AG Barr has seen revenue for the six months to 27 July 2019 decline from £136.9m in H1 last year, to £122.5m, following what it described as an “unprecedented year” for the soft drinks industry in 2018.

Last year saw a combination of factors including complex changes to pricing and promotional dynamics in the market following the introduction of the Soft Drinks Industry Levy, and significant impact on demand and supply, related to CO2 shortages, and a long, hot summer.

While AG Barr’s strategy was to place volume performance ahead of value, in order to take advantage of these circumstances, it admitted that, in hindsight, it underestimated the volume benefit volume benefit it received in 2018 from both one-off trading factors and favourable weather.

“This, combined with some specific brand challenges, saw a deterioration in financial performance as per the revised market guidance issued in the pre-close trading update on 16 July 2019,” it said.

The group said the first half performance had been “disappointing”, with profit before tax and exceptional items at £13.9m, compared to £18.2m last year, while statutory profit before tax was £13.5m, compared to £18.2m.

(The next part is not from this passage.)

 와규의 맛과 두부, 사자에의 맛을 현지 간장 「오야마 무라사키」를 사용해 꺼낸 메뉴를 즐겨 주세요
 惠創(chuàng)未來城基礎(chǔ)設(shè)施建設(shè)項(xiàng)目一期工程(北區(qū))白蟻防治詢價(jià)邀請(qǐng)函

The group, which produces and markets drink brands, including IRN-BRU, Rubicon and Funkin, said it remained on course to deliver a full year performance in line with its revised expectations.

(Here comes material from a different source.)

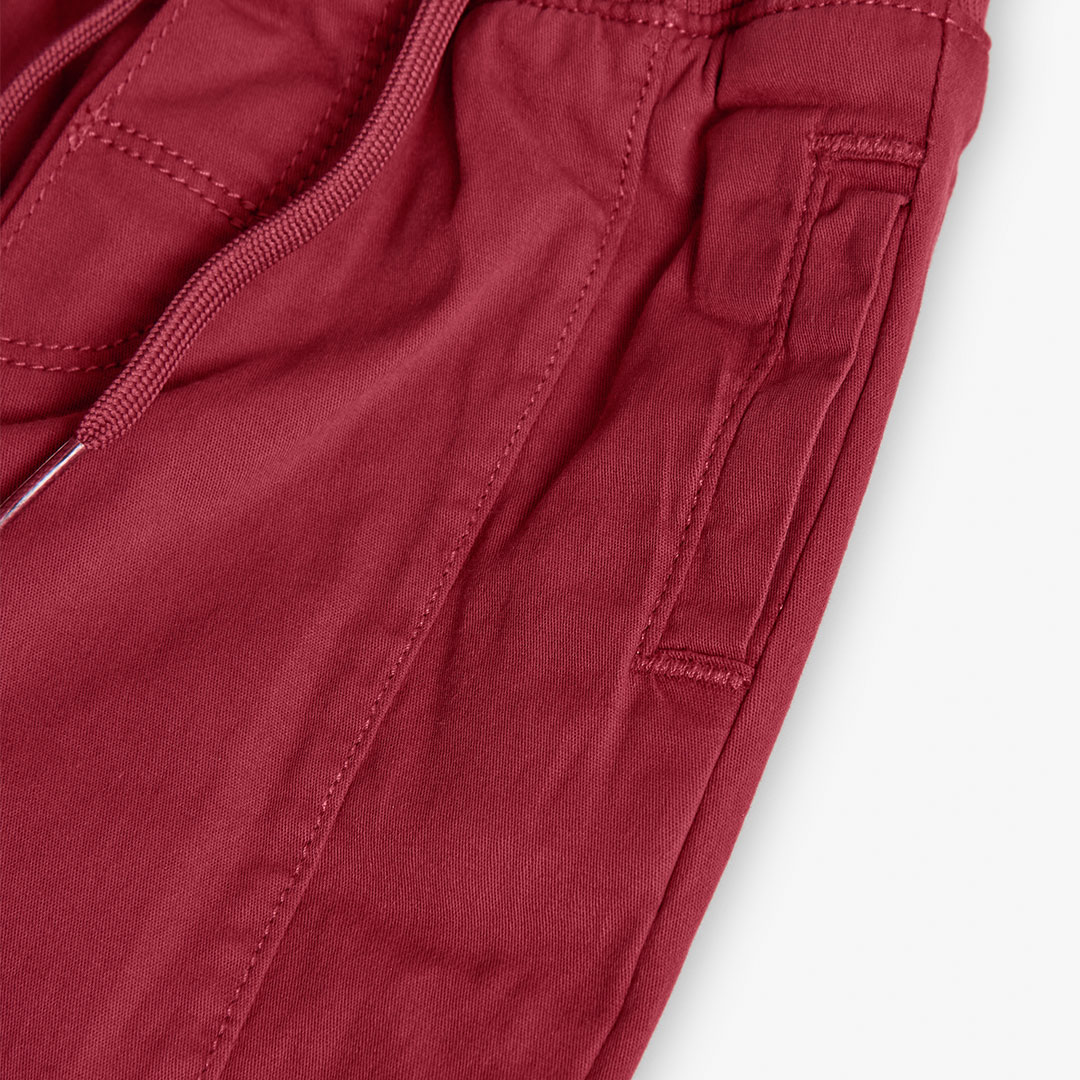 En Diana 23 & 23 Volteretas seleccionamos cada prenda pensando en comodidad, estilo y durabilidad. Este pantalón de algodón elástico granate es una elección práctica y elegante para que tu hijo disfrute del día a día con total libertad y estilo.

Strategic highlights included the launch of launch of IRN-BRU Energy in July, which has had encouraging initial trade and consumer response, the performance of Funkin – particularly in new ready to drink nitro-infused cocktail cans, and the minority investment in zero proof spirits brand Stryyk, announced earlier this year.

Roger White, chief executive, said: “Our focus remains on delivering long-term growth. We have plans in place to address our specific brand related challenges and are ensuring that the business is appropriately scaled to perform in the current market. Despite continuing economic uncertainty we expect to meet the revised profit expectations communicated in July.”

AG Barr also announced today that Martin Griffiths, current chair of the audit and risk committee and senior non-executive director, will stand down at the company’s board meeting on 19 March 2020.

Nick Wharton, who will have been on the board over a year at that point, will succeed Griffiths in the role of audit and risk committee chair and Susan Barratt will become senior non-executive independent director.

In addition, following a board structure review aimed at improving long-term corporate governance compliance, the supply chain director, currently an executive director role will move to a divisional director role and will continue to be held by Andrew Memmott. He has stepped down from the board with immediate effect.